Attenzione: evitate la lettura se non volete imbattervi in spoiler sulla 6×07 e la 6×08 di Billions

Pochi secondi riassumono idealmente un’intera stagione, per certi versi un’intera serie. New York sullo sfondo e negli occhi di Chuck, conscio d’aver agito per fini personali e non per il bene comune. Nelle orecchie di ognuno di noi, mentre JAY-Z e Alicia Keys accompagnano l’emersione ormai conclusa del lato oscuro di Mike Prince, incarnata nello sguardo glaciale di un uomo che ha capito di non poter più giocare con le sue regole. Pochi secondi, quelli che chiudono l’ottavo episodio della sesta stagione di Billions, che raccontano più delle tante parole spese a vuoto nel raccontare la non indimenticabile trama delle Olimpiadi newyorkesi. Perché ora è chiaro che non fosse là che la prima fase della nuova era post Axelrod volesse andare a parare: come era stato evidente fin dagli episodi inaugurali, non si poteva non arrivare a uno scontro diretto tra i due protagonisti. Un nuovo dualismo, una nuova rivalità. Una battaglia voluta solo da uno dei due contendenti e da cui l’altro ha fatto di tutto per sottrarsi, salvo poi dover sbattere addosso alla dura realtà: di fiabesco, in Billions, non c’è proprio niente.

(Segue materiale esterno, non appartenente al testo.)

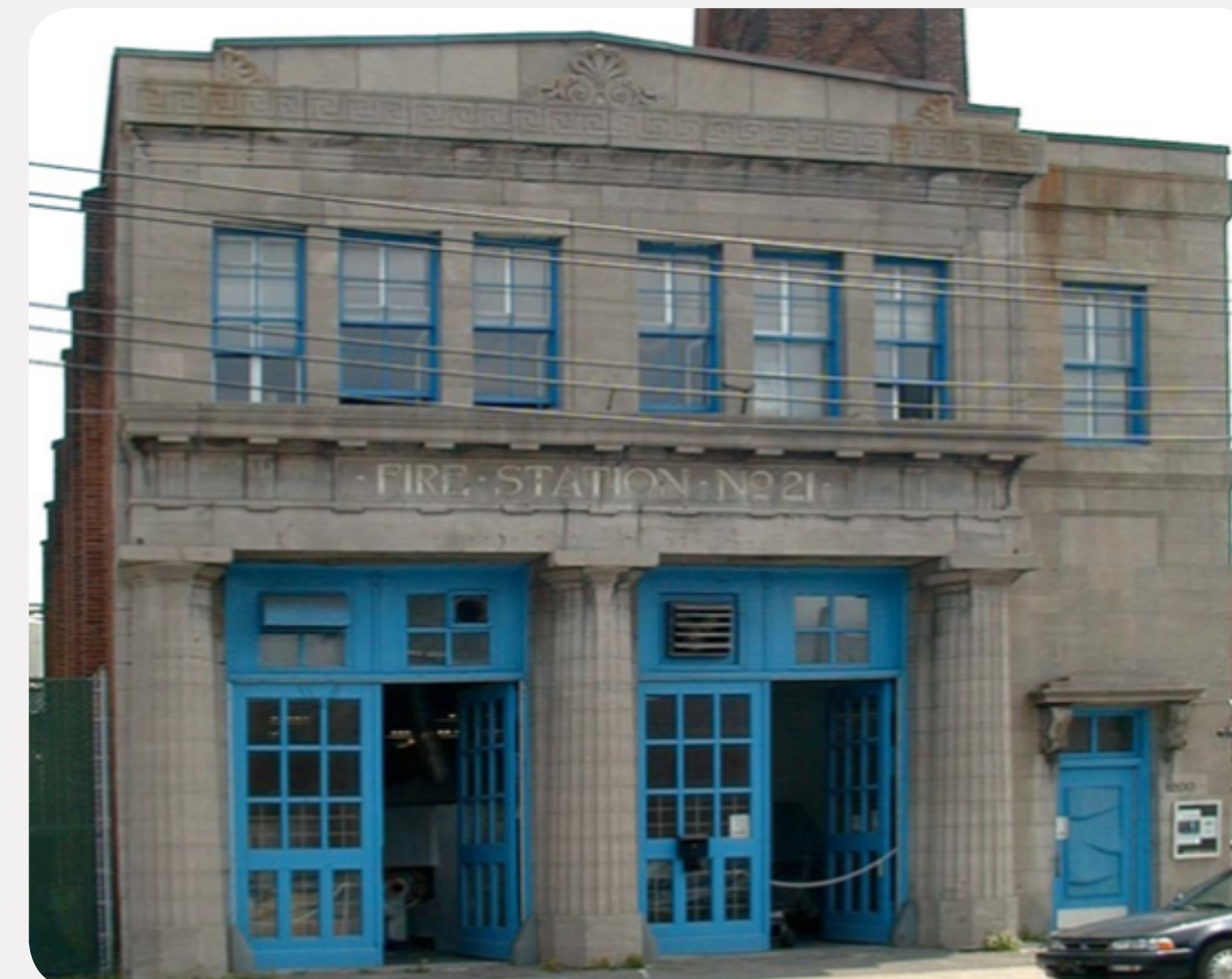
5. CASERNE 21
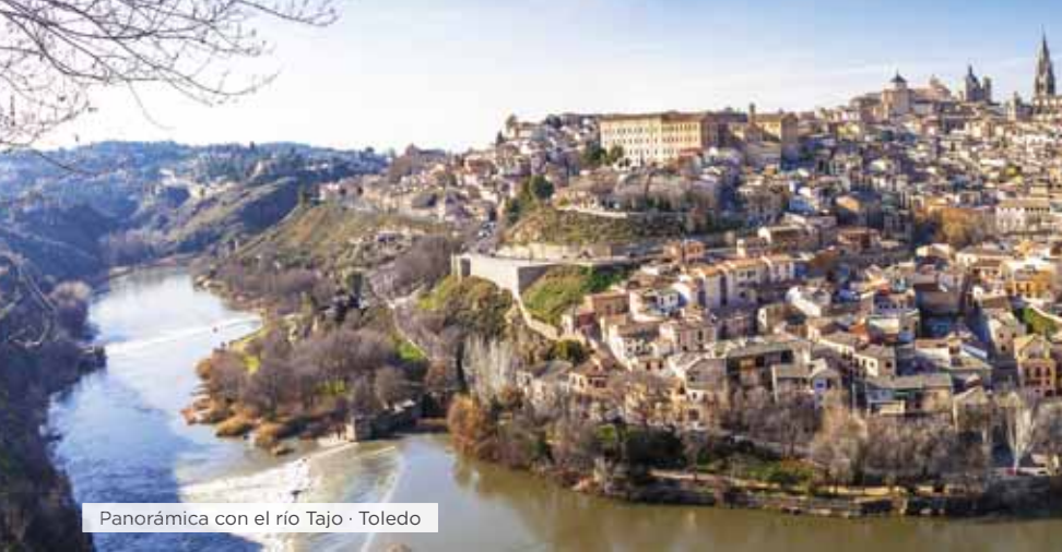
Panorámica con el río Tajo · Toledo

Succede allora che il capopopolo e il filantropo si contraddicano costantemente, fino a gettare via ogni maschera e mostrare il vero volto. Da una parte Chuck sovrappone le personali ambizioni a un progetto che al di là dei benefici individuali avrebbe fatto bene all’intera collettività. L’abbiamo sempre saputo, e lui lo sa meglio di noi. Dall’altra il “nuovo Axe” è costretto ad accettare l’idea che un’altra finanza, eticamente sostenibile, non sia altro che un’utopia da dare in pasto agli animi più idealisti. Le conseguenze sono palesate senza alcuna ambiguità: prima il procuratore nega alla povera New York una nuova linea metropolitana, finalmente all’altezza di una delle città più importanti del mondo, poi si scaglia contro le borse di studio ritenute strumentali e infine affonda con una contromossa degna del Chuck dei giorni migliori il progetto olimpico newyorkese, ormai prossimo a vedere la luce. Nel mentre, “l’uomo del popolo” butta al vento una ricchissima cena dopo l’ennesimo tentativo mancato di riavvicinarsi a Wendy, senza pensare manco per un secondo di donare quel lauto pasto a qualcuno che avrebbe potuto apprezzarlo maggiormente.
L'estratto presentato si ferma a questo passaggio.